We retrospectively analyzed stable ACHD with moderate (N.=13) and severe lesions (N.=17) reporting to our outpatient clinic undergoing cardiopulmonary exercise testing. The primary outcome of the study was the difference of COP between moderate and severe lesions.
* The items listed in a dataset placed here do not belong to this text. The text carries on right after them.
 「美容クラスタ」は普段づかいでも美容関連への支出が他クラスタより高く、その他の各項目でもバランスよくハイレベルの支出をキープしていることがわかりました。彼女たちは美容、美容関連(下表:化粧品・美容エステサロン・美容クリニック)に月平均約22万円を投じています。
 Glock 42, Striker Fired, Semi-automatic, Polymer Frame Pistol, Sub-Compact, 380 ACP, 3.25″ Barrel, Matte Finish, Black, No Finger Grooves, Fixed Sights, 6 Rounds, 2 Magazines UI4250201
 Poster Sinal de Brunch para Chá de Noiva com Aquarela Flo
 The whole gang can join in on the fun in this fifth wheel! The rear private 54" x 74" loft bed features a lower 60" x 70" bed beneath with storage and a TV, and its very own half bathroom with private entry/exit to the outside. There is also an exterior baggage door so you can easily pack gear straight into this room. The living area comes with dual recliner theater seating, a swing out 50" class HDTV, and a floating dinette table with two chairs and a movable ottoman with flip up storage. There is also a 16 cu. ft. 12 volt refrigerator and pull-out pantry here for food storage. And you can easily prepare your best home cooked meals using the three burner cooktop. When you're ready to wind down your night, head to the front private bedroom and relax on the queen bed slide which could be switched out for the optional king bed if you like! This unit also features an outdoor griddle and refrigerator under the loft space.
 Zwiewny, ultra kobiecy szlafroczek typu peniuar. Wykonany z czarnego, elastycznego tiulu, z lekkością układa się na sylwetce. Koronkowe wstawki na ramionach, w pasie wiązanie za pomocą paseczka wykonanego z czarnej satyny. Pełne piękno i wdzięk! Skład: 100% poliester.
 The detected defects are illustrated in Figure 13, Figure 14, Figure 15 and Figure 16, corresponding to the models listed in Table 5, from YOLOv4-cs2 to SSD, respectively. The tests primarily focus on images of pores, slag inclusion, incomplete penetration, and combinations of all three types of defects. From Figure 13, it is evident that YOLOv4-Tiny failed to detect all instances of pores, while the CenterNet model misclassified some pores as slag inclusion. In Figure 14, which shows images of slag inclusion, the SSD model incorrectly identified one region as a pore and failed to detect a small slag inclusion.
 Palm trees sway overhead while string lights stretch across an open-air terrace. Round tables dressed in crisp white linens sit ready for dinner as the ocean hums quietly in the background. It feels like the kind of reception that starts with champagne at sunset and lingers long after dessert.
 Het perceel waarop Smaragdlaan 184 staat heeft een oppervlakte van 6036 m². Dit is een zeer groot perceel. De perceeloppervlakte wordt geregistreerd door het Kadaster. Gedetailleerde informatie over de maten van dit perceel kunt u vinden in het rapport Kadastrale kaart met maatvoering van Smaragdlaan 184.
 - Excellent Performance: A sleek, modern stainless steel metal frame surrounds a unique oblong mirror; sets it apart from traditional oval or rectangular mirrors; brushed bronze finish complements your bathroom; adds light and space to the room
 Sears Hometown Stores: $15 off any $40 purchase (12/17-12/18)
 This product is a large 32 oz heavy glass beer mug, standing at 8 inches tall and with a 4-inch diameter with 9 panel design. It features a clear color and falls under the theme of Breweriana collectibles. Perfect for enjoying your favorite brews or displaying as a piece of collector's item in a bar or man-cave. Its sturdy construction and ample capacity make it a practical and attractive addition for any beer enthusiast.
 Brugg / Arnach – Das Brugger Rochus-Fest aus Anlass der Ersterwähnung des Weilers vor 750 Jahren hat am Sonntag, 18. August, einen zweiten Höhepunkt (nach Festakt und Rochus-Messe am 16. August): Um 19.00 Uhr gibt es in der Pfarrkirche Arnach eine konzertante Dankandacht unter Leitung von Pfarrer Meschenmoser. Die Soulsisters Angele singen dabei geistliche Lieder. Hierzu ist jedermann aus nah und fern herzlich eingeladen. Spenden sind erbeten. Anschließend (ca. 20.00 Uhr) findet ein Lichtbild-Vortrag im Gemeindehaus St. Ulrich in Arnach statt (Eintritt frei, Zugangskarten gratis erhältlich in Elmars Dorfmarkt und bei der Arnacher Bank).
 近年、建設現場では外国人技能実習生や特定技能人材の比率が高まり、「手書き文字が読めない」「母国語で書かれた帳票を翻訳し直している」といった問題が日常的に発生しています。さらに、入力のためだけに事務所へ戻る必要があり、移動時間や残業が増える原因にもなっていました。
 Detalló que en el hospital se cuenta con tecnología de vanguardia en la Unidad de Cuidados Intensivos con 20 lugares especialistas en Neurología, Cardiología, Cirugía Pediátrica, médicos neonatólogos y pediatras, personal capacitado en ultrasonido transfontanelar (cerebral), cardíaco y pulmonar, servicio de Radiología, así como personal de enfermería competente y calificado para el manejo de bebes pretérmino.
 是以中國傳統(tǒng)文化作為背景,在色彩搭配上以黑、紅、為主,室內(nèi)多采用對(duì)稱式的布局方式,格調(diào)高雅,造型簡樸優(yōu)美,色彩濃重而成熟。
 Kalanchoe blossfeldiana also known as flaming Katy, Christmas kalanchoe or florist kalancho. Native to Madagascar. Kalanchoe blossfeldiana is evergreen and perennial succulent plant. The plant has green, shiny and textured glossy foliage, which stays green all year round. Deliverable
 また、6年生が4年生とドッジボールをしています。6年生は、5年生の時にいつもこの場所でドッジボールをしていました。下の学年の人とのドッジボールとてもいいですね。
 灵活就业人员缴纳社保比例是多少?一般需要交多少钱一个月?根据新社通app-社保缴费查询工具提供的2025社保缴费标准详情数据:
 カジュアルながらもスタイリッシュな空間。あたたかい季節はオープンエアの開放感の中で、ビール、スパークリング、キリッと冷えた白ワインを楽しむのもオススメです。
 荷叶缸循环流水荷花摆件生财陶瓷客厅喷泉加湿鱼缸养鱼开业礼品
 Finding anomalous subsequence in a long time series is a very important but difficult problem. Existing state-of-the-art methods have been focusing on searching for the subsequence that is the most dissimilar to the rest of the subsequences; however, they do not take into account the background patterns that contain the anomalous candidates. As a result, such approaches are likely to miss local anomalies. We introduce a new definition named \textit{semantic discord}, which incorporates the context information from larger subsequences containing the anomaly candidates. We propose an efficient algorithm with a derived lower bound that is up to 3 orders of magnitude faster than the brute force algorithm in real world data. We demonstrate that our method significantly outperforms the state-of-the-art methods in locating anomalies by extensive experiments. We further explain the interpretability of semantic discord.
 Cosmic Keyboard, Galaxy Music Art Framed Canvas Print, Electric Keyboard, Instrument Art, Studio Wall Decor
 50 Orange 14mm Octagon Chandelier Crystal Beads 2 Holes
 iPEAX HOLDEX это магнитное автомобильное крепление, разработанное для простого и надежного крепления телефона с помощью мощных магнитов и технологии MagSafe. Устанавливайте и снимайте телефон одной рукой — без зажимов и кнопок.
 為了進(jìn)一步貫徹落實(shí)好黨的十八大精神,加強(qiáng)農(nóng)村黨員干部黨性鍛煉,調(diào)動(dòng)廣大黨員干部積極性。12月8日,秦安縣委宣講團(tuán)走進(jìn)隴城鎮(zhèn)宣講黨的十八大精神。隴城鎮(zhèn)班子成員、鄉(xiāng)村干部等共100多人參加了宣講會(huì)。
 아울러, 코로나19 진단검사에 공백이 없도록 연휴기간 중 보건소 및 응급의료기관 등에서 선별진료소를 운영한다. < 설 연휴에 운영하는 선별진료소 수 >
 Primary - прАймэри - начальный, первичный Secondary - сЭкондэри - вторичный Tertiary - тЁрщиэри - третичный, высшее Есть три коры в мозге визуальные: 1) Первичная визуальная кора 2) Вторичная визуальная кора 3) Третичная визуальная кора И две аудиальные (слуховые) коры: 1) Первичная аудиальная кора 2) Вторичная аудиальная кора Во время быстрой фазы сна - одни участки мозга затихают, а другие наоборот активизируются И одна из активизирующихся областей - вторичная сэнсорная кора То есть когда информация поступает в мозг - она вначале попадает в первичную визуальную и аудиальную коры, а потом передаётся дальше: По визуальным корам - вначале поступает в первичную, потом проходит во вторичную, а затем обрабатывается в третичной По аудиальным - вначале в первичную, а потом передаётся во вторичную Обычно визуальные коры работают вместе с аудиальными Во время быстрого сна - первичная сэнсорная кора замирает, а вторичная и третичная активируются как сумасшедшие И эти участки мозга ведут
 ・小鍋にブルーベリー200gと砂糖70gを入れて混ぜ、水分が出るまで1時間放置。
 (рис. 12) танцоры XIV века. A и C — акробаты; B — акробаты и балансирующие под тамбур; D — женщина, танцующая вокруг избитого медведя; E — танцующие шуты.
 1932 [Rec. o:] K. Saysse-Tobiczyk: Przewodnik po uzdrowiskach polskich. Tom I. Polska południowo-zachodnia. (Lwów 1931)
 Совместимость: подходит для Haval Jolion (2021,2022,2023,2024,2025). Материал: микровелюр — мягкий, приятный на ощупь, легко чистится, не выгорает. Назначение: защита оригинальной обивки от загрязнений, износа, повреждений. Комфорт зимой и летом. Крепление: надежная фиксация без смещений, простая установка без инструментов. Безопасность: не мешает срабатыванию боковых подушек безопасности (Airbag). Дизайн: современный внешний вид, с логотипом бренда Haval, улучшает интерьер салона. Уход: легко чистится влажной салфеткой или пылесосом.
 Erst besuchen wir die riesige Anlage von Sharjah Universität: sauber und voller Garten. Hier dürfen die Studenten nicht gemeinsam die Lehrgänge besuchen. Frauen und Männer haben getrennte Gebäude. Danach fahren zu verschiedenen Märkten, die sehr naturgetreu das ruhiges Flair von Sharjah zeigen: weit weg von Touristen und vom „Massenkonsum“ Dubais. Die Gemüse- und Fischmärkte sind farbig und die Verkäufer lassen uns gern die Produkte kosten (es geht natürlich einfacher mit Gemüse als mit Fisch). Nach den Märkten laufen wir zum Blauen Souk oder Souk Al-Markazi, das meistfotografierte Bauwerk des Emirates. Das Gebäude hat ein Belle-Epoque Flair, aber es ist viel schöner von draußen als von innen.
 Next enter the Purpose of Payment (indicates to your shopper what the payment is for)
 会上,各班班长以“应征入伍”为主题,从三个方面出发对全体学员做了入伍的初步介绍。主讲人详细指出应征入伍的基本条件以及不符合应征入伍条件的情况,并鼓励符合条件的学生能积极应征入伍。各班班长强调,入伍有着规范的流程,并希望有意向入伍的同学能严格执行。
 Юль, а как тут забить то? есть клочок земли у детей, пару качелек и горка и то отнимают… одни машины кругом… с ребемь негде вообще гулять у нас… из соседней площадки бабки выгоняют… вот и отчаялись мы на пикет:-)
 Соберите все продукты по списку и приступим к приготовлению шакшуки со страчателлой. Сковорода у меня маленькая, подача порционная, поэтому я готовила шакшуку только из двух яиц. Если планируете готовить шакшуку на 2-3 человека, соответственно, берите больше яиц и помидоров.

Secondary outcomes were between group differences of the submaximal variable exercise oxygen uptake efficiency slope (OUES) and peak O2 pulse (O2pulsemax) as a surrogate for peripheral oxygen extraction and stroke volume increase during exercise.

RESULTS

The group of severe lesions displayed higher COP (29.5±7.0 vs. 25.2±6.2, P=0.028) as well as lower O2pulsemax (13.3±8.4 vs. 14.9±3.4 mL/beat/kg 10, P=0.038). VO2peak (17.4±6.5 vs. 20.8±8.5 mL/kg/min, P=0.286) and OUES (1.5±0.7 vs. 1.8±0.9, P=0.613) showed a trend towards lower values in severe lesions. COP was a better between group discriminator than O2pulsemax (area under the curve 73.8% vs. 72.4%).

CONCLUSIONS

As a submaximal variable, COP discriminated between moderate and severe lesions and may prove beneficial in a highly vulnerable population that is often unable to undergo exertional testing.

摘要

背景

最大摄氧量(VO2peak)取决于最大努力程度,患有先天性心脏病(ACHD)的成年人的最大摄氧量会降低,并且与病变严重程度相关。最低的氧通气当量(VE/VO2的最小值)尽可能地反映心肺最佳交互作用,并且可以在无需最大努力的情况下区分病变类型。但是,关于 ACHD 中 COP 的数据很少。

方法

我们回顾性分析了稳定的 ACHD 患者,他们报告有中度(N.=13)和重度病变(N.=17),并在我们的门诊接受心肺运动测试。本研究的主要结果是中度和重度病变之间 COP 的差异。次要结果是组间差异的亚最大变量运动摄氧量效率斜率(OUES)和最大摄氧量脉冲(O2pulsemax)的差异,作为运动期间外周氧摄取和每搏量增加的替代指标。

结果

重度病变组的 COP 更高(29.5±7.0 与 25.2±6.2,P=0.028),O2pulsemax更低(13.3±8.4 与 14.9±3.4 mL/beat/kg 10,P=0.038)。VO2peak(17.4±6.5 与 20.8±8.5 mL/kg/min,P=0.286)和 OUES(1.5±0.7 与 1.8±0.9,P=0.613)在重度病变中呈低值趋势。COP 是区分中度和重度病变的更好的组间鉴别指标,优于 O2pulsemax(曲线下面积 73.8% 与 72.4%)。

结论

作为一个亚最大变量,COP 可以区分中度和重度病变,并且可能对经常无法进行运动测试的高危人群有益。